• [ASSIGNED TASK]:
The output must contain exactly the lines from the top of the listing below through the line containing "ヘコむあだ名 | 『ぬうふぇ~』『ぬうか(笑)』『牛乳』 |", and no pictures.
GIVEN RECORDS: Begin
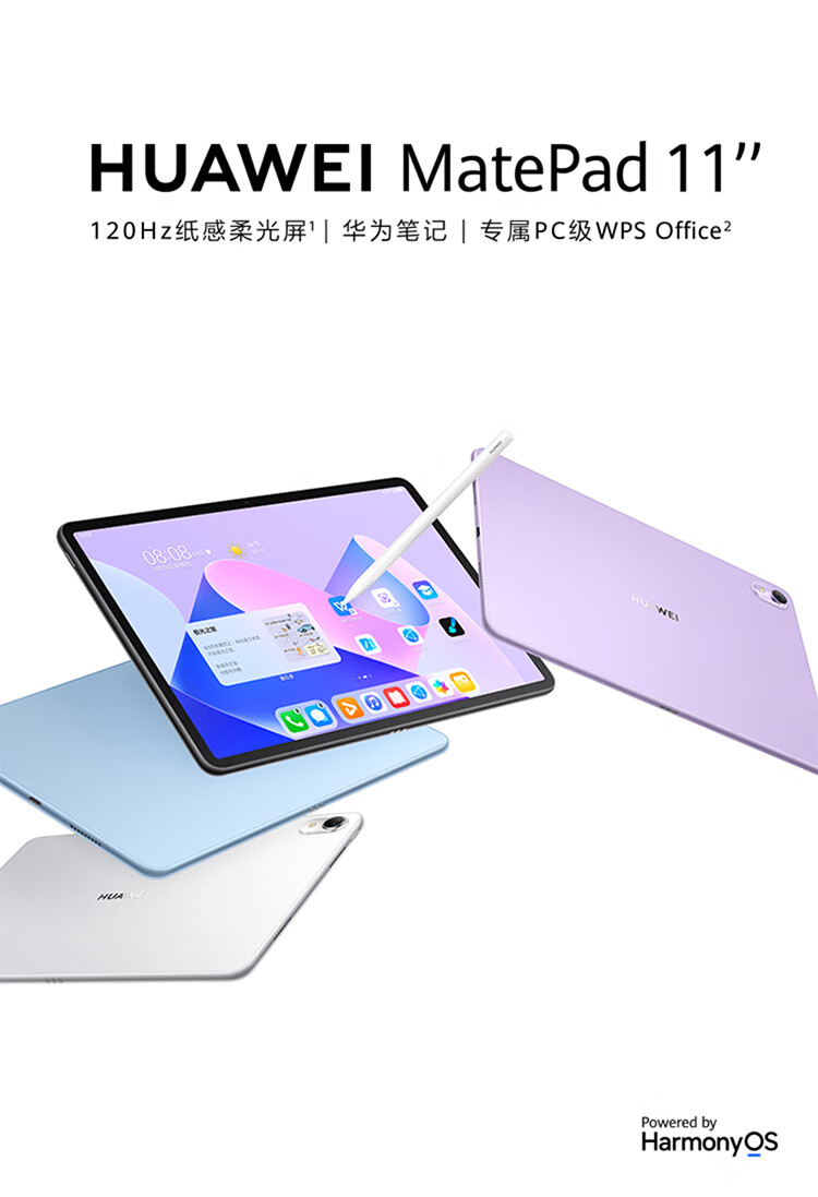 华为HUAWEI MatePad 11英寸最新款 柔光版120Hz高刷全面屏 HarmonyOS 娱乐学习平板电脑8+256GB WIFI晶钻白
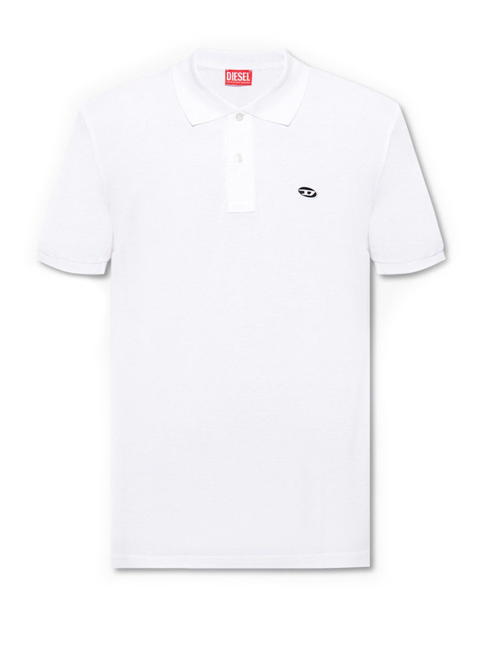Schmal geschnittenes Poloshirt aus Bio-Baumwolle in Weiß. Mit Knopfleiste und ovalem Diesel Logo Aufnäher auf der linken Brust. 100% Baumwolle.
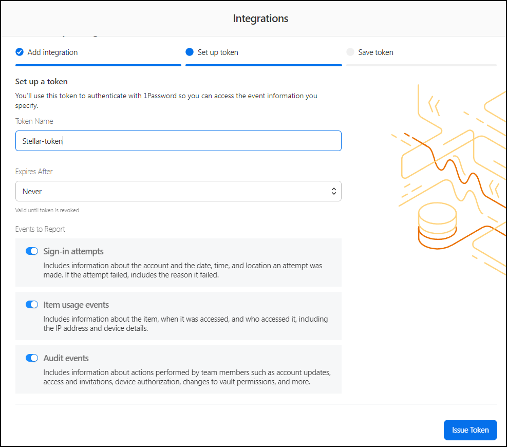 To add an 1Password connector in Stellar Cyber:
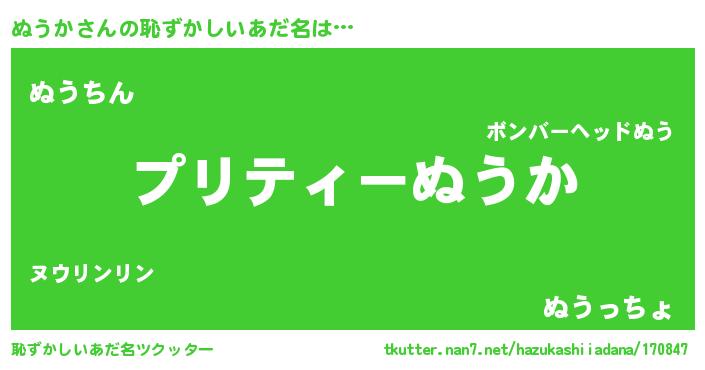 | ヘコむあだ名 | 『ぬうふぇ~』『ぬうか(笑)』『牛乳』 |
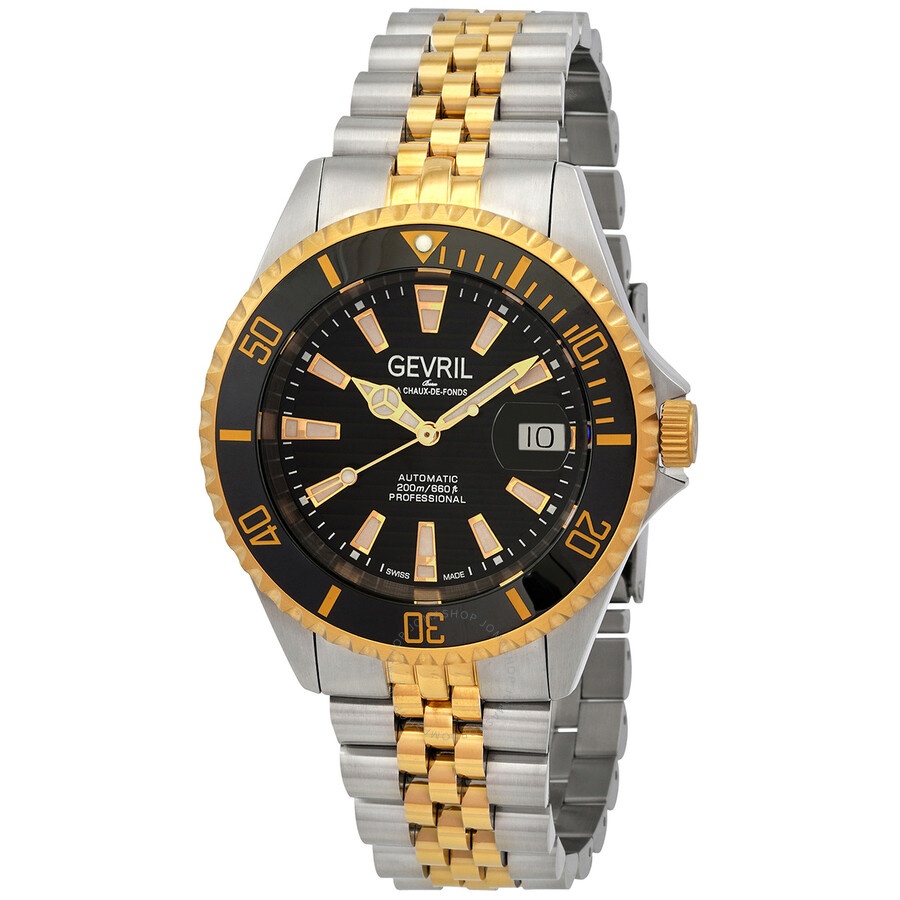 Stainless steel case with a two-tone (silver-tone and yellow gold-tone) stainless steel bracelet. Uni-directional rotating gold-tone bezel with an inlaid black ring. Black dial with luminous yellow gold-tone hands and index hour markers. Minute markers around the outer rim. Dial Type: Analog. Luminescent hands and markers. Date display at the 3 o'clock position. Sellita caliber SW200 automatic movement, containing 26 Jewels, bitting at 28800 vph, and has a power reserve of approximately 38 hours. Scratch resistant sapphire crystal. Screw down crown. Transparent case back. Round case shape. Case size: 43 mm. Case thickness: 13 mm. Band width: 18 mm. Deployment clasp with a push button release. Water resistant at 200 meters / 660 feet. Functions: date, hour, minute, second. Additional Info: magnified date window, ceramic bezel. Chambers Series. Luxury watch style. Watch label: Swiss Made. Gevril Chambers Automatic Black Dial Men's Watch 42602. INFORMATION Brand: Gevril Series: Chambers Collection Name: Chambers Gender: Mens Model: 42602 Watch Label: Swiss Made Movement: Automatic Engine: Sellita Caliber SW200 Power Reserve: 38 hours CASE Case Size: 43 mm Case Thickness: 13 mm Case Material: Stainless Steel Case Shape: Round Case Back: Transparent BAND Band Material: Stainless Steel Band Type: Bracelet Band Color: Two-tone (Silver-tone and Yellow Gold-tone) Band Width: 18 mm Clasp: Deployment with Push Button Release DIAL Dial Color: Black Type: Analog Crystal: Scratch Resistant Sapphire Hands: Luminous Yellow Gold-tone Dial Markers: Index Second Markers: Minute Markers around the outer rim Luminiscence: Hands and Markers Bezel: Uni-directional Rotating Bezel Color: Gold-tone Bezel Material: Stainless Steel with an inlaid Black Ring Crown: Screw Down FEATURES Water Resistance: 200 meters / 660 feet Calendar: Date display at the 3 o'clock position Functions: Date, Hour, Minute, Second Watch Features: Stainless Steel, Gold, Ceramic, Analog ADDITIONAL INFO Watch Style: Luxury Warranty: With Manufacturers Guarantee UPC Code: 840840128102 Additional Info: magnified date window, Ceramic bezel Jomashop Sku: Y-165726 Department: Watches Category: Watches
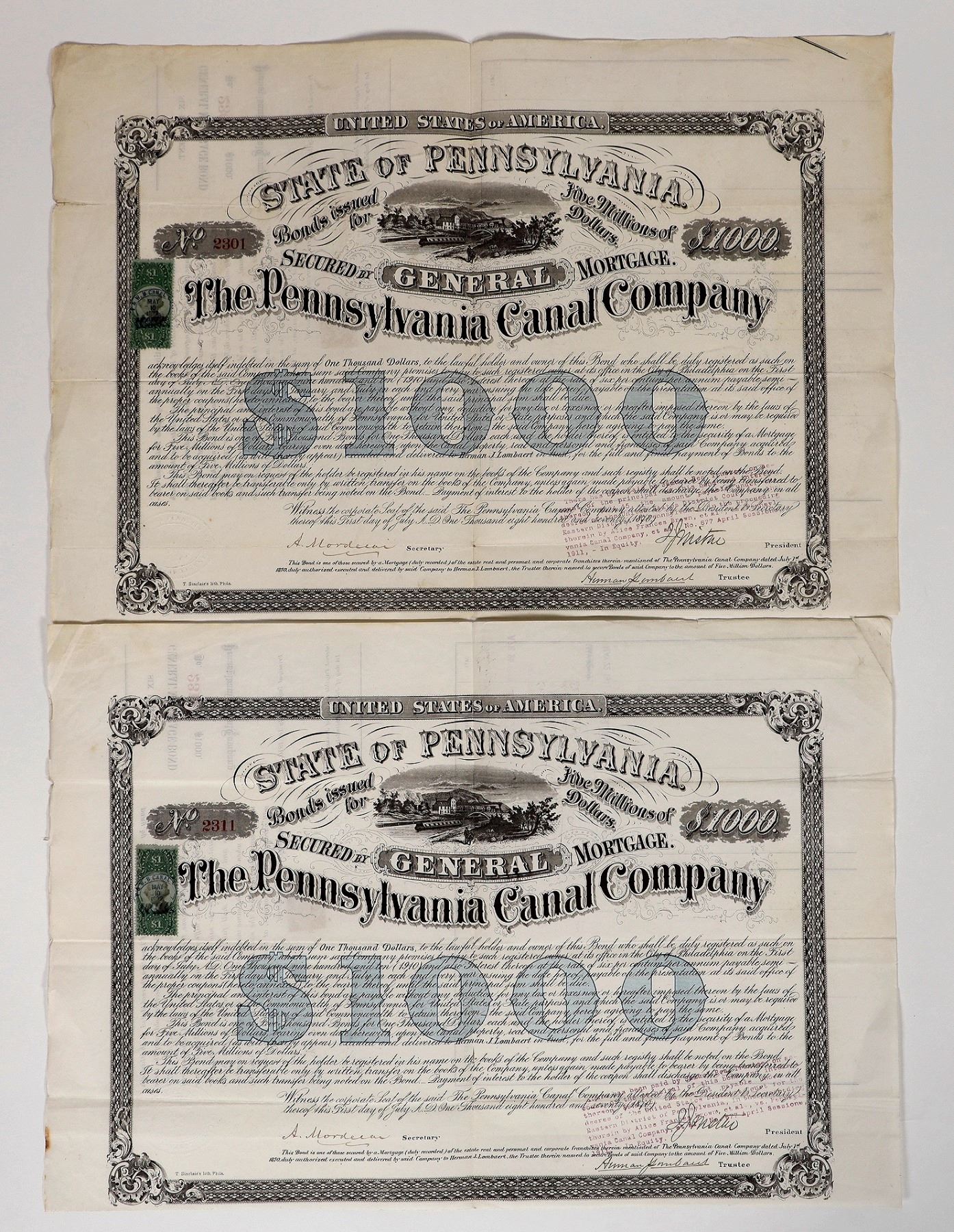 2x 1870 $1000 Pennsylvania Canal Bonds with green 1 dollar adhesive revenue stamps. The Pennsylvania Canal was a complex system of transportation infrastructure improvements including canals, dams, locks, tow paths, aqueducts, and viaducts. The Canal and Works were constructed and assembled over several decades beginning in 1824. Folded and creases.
GIVEN RECORDS: End
• [RESPONSE TO THIS EXERCISE]:
 华为HUAWEI MatePad 11英寸最新款 柔光版120Hz高刷全面屏 HarmonyOS 娱乐学习平板电脑8+256GB WIFI晶钻白
Schmal geschnittenes Poloshirt aus Bio-Baumwolle in Weiß. Mit Knopfleiste und ovalem Diesel Logo Aufnäher auf der linken Brust. 100% Baumwolle.
 To add an 1Password connector in Stellar Cyber:
 | ヘコむあだ名 | 『ぬうふぇ~』『ぬうか(笑)』『牛乳』 |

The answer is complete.